= Beginning of Section =
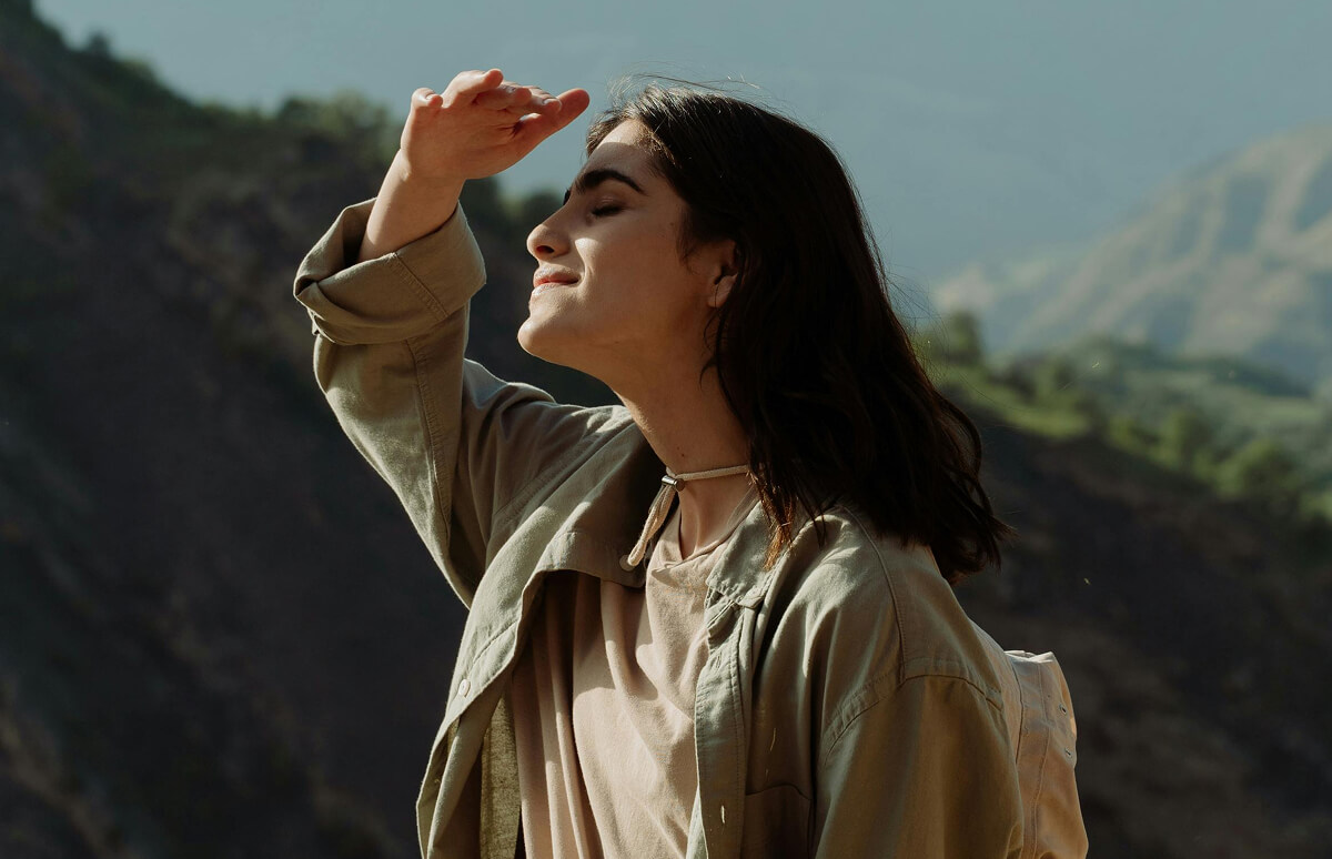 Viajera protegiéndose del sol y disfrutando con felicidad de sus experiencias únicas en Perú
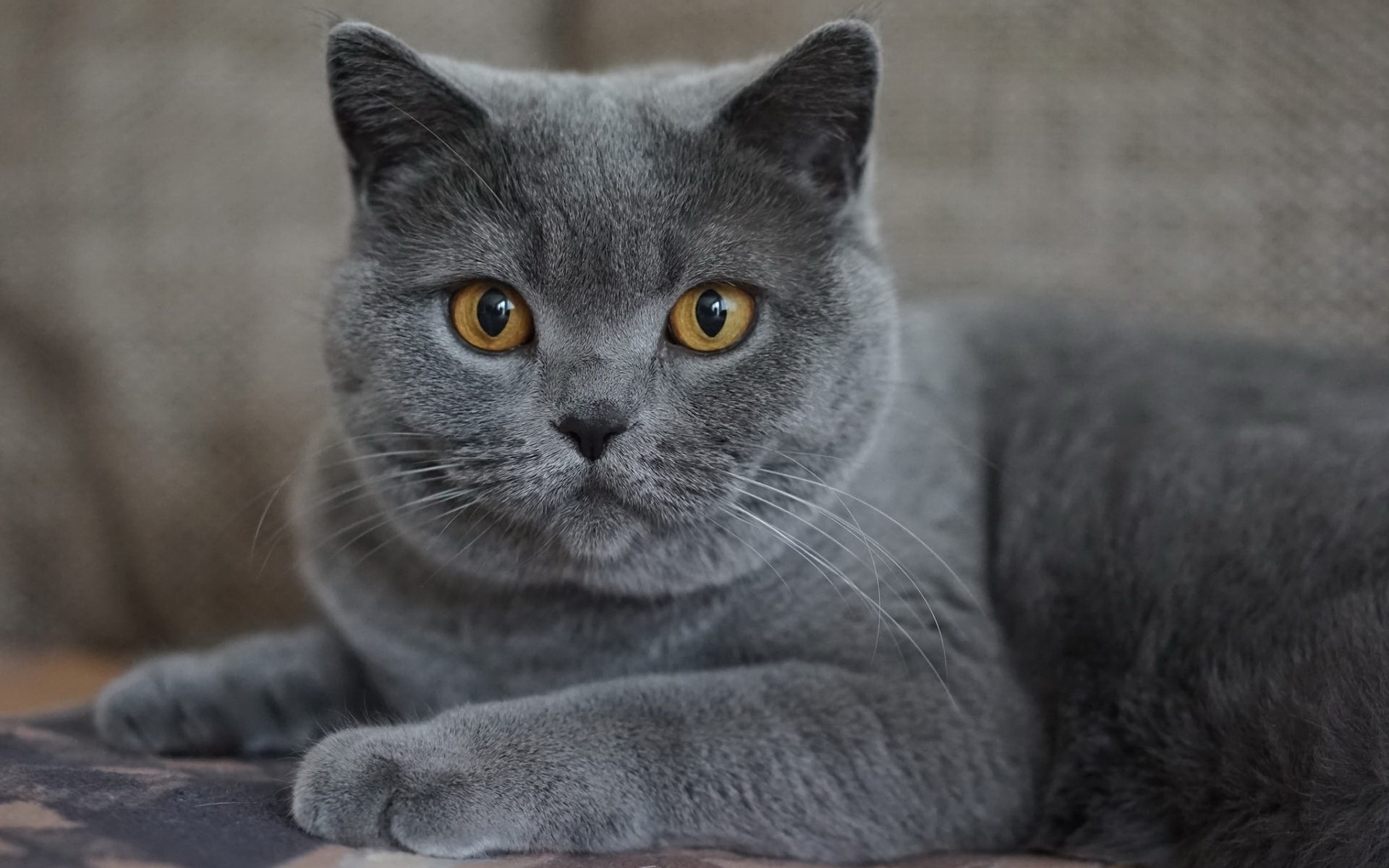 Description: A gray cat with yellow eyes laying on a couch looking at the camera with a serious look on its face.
= End of Section =
= Beginning of Section =
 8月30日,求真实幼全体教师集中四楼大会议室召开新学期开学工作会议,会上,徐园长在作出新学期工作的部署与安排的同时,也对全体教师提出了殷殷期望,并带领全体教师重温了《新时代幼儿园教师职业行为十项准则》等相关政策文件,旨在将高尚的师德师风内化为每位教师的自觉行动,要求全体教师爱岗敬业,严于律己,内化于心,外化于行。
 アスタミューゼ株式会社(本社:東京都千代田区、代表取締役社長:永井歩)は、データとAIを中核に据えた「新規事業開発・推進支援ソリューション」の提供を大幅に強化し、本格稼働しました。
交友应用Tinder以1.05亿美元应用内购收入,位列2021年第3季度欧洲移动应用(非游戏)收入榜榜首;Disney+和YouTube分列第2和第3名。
= End of Section =
= Beginning of Section =
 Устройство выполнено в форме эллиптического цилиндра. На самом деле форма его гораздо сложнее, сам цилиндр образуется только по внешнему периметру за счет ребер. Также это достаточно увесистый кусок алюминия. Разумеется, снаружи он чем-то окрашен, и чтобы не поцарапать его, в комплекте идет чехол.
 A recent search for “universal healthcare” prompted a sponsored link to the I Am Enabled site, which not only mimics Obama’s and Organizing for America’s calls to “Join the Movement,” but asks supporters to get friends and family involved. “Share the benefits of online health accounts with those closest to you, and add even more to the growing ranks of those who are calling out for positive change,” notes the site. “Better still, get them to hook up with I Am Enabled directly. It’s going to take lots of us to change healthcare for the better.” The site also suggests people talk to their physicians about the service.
= End of Section =
• _TASK DETAILS_:
In the listing above, find the line containing "Viajera protegiéndose del". Output it and every line after it up to and including the line containing "Description: A gray", exactly, but skip the pictures.

• _SOLUTION FOR THIS EXERCISE_:
 Viajera protegiéndose del sol y disfrutando con felicidad de sus experiencias únicas en Perú
 Description: A gray cat with yellow eyes laying on a couch looking at the camera with a serious look on its face.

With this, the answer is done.